NEW YORK ( TheStreet) -- The deadline for raising the debt ceiling is swiftly approaching, and while headway was made with Tuesday's so-called Gang of Six plan, created by a bipartisan group of six senators, most doubt the proposal will be passed as is.

The debt ceiling is the amount the U.S. government is allowed to borrow at any given time. It's capped at $14.3 trillion, a figure the U.S. has essentially reached. Congress needs to approve a raise to the debt ceiling by Aug. 2 or risk defaulting on debt, services and benefits for U.S. citizens.

As the deadline ticks nearer for a default on U.S. debt, small-business officials find cause for hope and alarm.

Such votes occur regularly, but this year Republicans have dug in on several underlying issues, alarming economists and rating agencies such as Moody's (MCO - Get Report) and Standard & Poor's as the deadline ticks nearer. Of course there are also reasons for small businesses to be concerned about the default.

"The consequences of that are what concerns our members -- the potential for higher taxes and how does that impact government services over the long haul? They want Washington to have some fiscal responsibility," says Bill Rys, tax counsel at the National Federation of Independent Business.

>>>Likely Debt Debate Result: Spending Cuts

Here are three ways the outcome of the debt ceiling debate could directly affect small businesses:

1. Getting a loan will be even tougher.
As if getting a bank loan isn't hard enough these days for small businesses, if the government places a large cap on spending or, in a worst-case scenario, the debt ceiling does not get raised, new loans will be even tougher.

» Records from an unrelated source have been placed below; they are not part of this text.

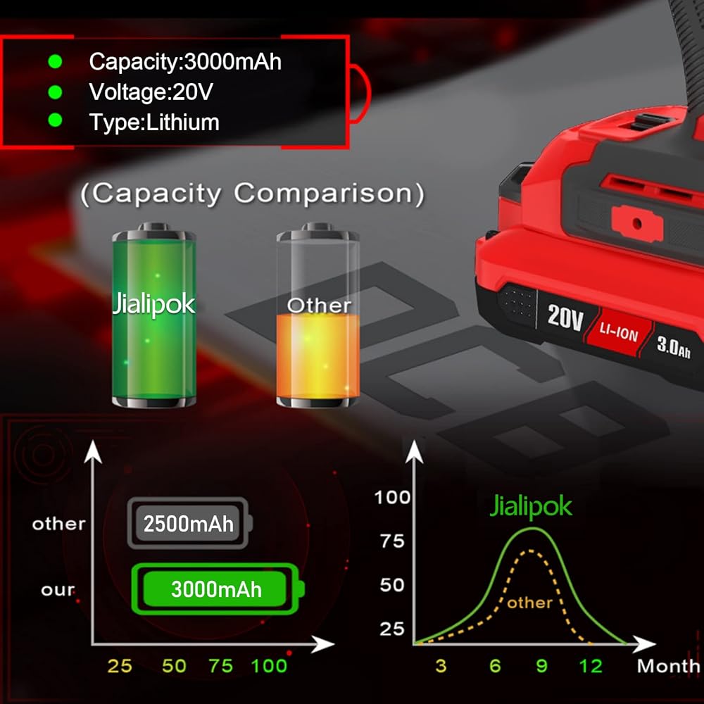• ✅【Higher Capacity】 The replacement Craftsman 20V 3.0 Ah higher capacity battery for CraftsmanV20 tools, made with Top-A grade battery cell and repeated tested to match original for Craftsman power tools, the replacement battery has no memory effect, is more powerful, longer-lasting.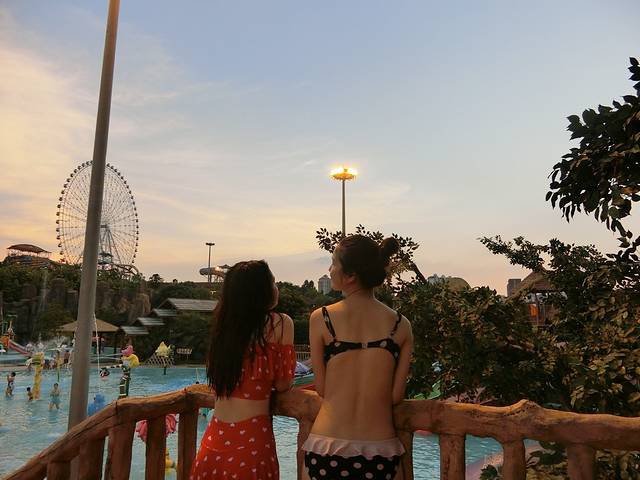 凤岭水上乐园在南宁的新城区 从广西大学出发的我们 作死地选择了电动车出行 将近一小时的车程 简直考验司机的车技和大家的屁股……建议四个人一起去玩 因为很多水上项目需要四个人一起才能玩 比如说大喇叭什么的……
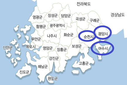 파주, 천안(동남구, 서북구), 논산, 공주, 전주(완산구, 덕진구), 창원(성산구), 포항(남구) 경산, 여수, 광양, 순천 까지 11개시 13개 지역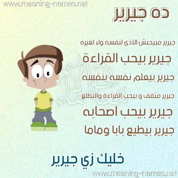 ما معنى اسمي جيرير ؟ [dvdv ? what the meaning of Jareer معاني كلمة جيرير قاموس الأسماء و المعاني و الكلمات .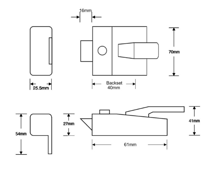 Can be fitted onto doors up to 57mm thick (or 54mm if used with a cylinder pull)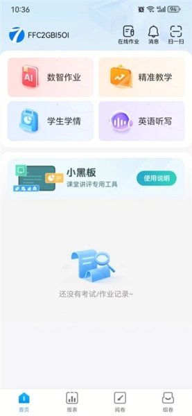 2、进入到主界面,提供数智作业、精准教学、学习学情、英语听写服务。

"The bottom line is the raising the debt ceiling is as inevitable as taxes and death," says Jeff Stibel, CEO of Dun & Bradstreet Credibility.

If the debt ceiling doesn't get lifted, "this would be a cataclysmic even for small businesses," Stibel says. "What's going to happen is U.S. credit is going to get downgraded, which means access to credit is going to get much harder and interest rates are going to skyrocket."

To get a bank loan "will be harder and the terms would be so onerous that it just won't be palatable," he says.

Federal spending last year amounted to approximately 24% GDP -- a level not seen since World War II, the National Small Business Association says.

"If we continue to run high deficits, increased interest rates and constricted credit will negatively impact small businesses' ability to garner financing, the lifeblood of every small firm," it says.